*** Opening of INFORMATION SUPPLIED ***
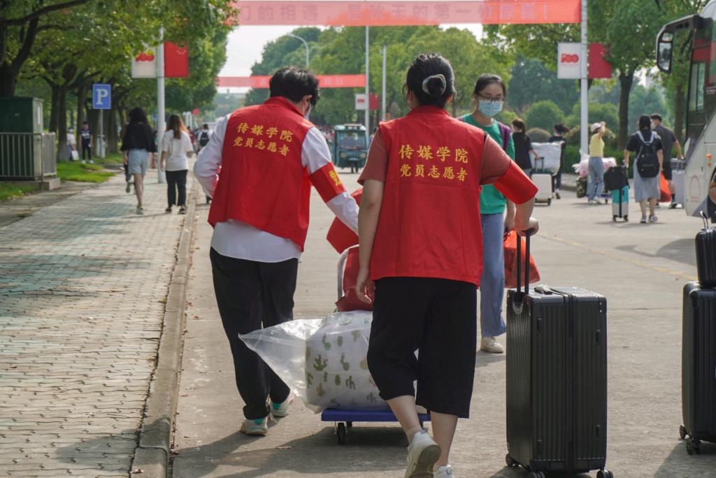 9月15日,beat365英国官网网站迎来了8000余名新生,来自传媒学院的40余名党员组成迎新志愿服务队,他们佩戴党徽、身着红色马甲,积极走上迎新岗位,接过新生手中沉甸甸的行李箱,指引新生有序报到,穿梭在熙来攘往中,成为了一抹红色的校园风景线。
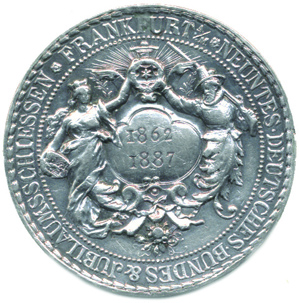 Frankfurt n.M. - IX. německé spolkové a jubilejní střelby 1862-18 87 / císařský orel a kolem osm štítů / Germania a střelec drží oz dobný rámeček s datací sign.: LAUER Ag 40 mm 26,70 g
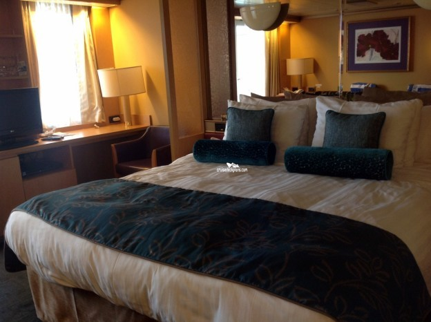 Complimentary Shoe Shine / Thick Cotton Robes / Pillow Menu / Signature Mariner's Dream bed with plush euro-top mattress and finely woven cotton linens / Lighted magnifying mirrors / Massage showerheads / Salon-quality hair dryer / Elemis Aromapure bath products / Flat-panel TV and DVD player / complimentary DVD library / Personalized cruise stationary / Umbrella / Bose docking station / Complimentary mimosas with in-suite breakfast / In-suite coffee maker and espresso machine. /
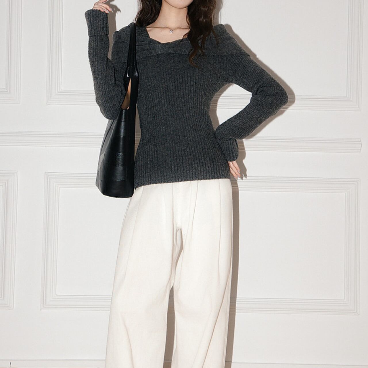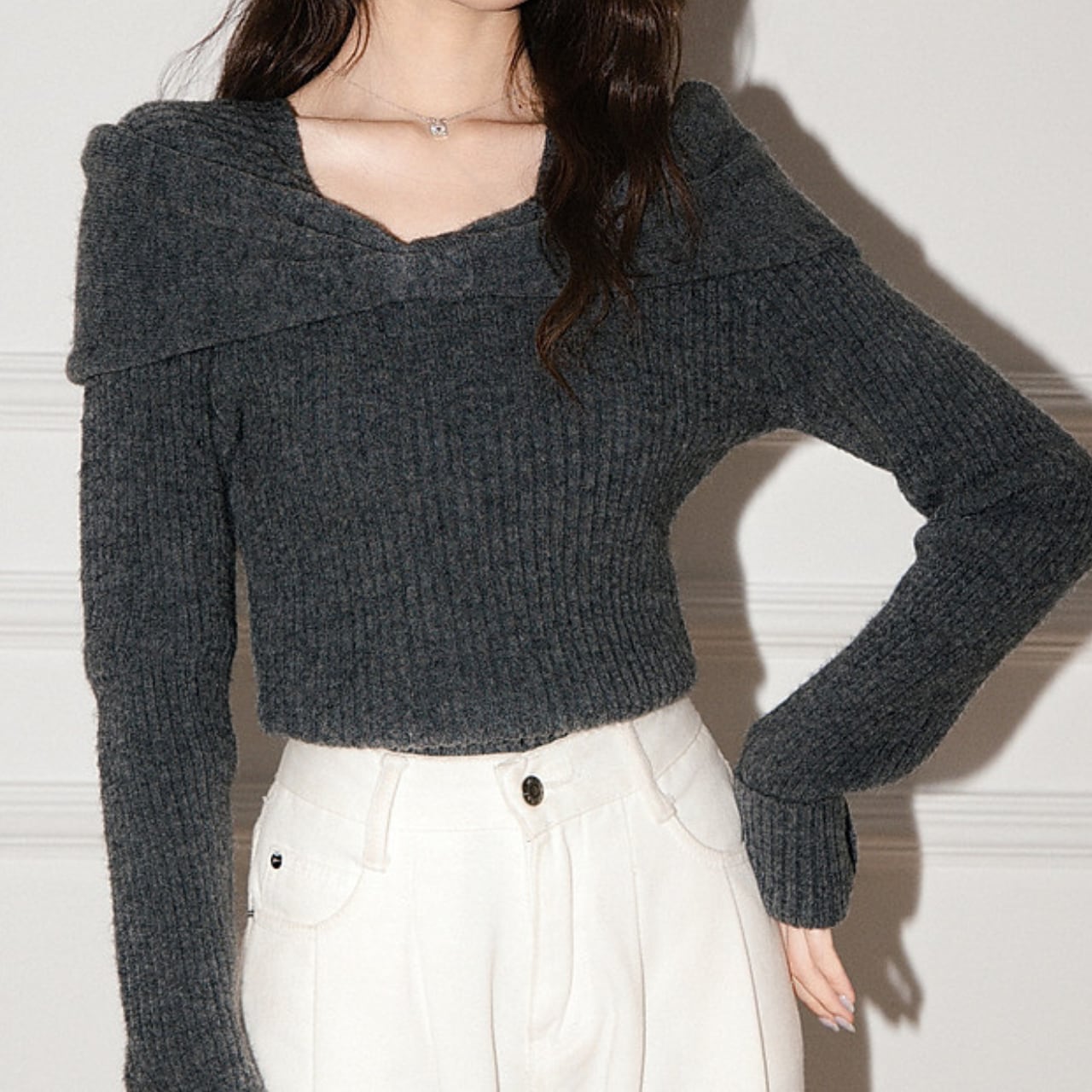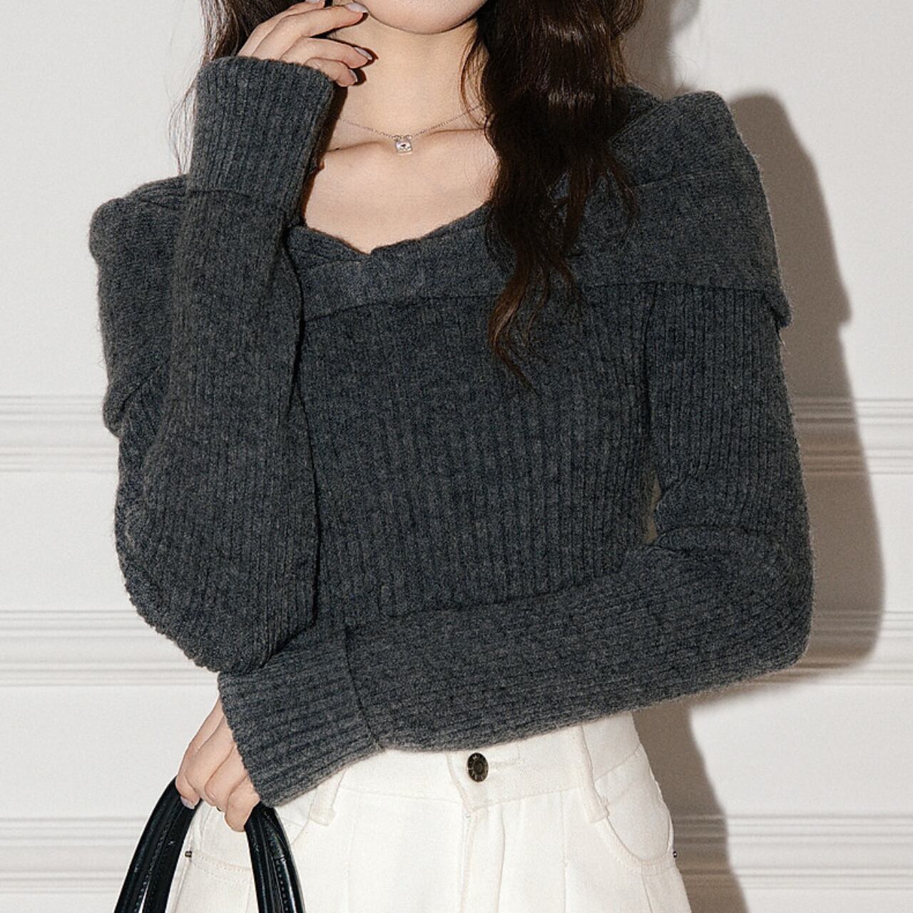 オフショルダーデザインが特徴的なニットです。 デコルテを美しく見せ、女性らしさを引き立てます。 クロップド丈なので ハイウエストのボトムスと合わせてスタイルアップ効果も期待できます。 ■サイズ(単位:cm) S 肩幅:35 胸囲:72 着丈:50 袖丈:68 M 肩幅:36 胸囲:76 着丈:51 袖丈:69 L 肩幅:37 胸囲:82 着丈:52 袖丈:70 海外製品の為1-3cm誤差がある場合がございます。 ■カラー ダークグレー ■素材 ポリアクリロニトリル繊維(アクリル) 42% ポリエステル繊維 30% ポリアミド繊維(ナイロン) 28%
*** Close of INFORMATION SUPPLIED ***
■ WHAT THE TASK REQUIRES ■
No pictures belong in the answer, only the lines from the top of the listing through the line containing "Frankfurt n.M. - IX.", repeated word for word.

■ SOLUTION TO THE EXERCISE ■
 9月15日,beat365英国官网网站迎来了8000余名新生,来自传媒学院的40余名党员组成迎新志愿服务队,他们佩戴党徽、身着红色马甲,积极走上迎新岗位,接过新生手中沉甸甸的行李箱,指引新生有序报到,穿梭在熙来攘往中,成为了一抹红色的校园风景线。
 Frankfurt n.M. - IX. německé spolkové a jubilejní střelby 1862-18 87 / císařský orel a kolem osm štítů / Germania a střelec drží oz dobný rámeček s datací sign.: LAUER Ag 40 mm 26,70 g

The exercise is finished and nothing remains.